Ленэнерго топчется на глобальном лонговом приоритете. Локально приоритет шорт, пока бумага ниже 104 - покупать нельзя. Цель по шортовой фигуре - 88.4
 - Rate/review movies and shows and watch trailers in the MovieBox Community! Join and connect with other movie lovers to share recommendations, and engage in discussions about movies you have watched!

---

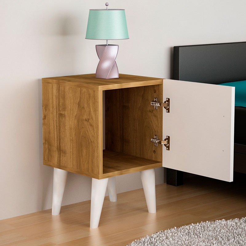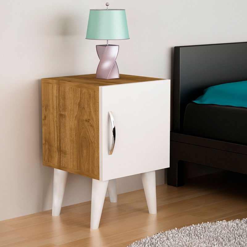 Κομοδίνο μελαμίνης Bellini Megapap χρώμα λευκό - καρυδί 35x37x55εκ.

--

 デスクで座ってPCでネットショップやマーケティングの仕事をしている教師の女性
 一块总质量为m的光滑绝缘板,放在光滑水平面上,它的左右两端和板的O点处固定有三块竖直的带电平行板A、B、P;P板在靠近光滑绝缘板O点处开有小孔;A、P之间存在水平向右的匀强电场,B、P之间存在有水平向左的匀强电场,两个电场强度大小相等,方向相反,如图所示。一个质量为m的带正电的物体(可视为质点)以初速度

What is needed: Your answer should consist solely of the lines above from the line with "Ленэнерго топчется на" to the line with "- Rate/review movies", both included, reproduced exactly.

Response to the exercise:
Ленэнерго топчется на глобальном лонговом приоритете. Локально приоритет шорт, пока бумага ниже 104 - покупать нельзя. Цель по шортовой фигуре - 88.4
 - Rate/review movies and shows and watch trailers in the MovieBox Community! Join and connect with other movie lovers to share recommendations, and engage in discussions about movies you have watched!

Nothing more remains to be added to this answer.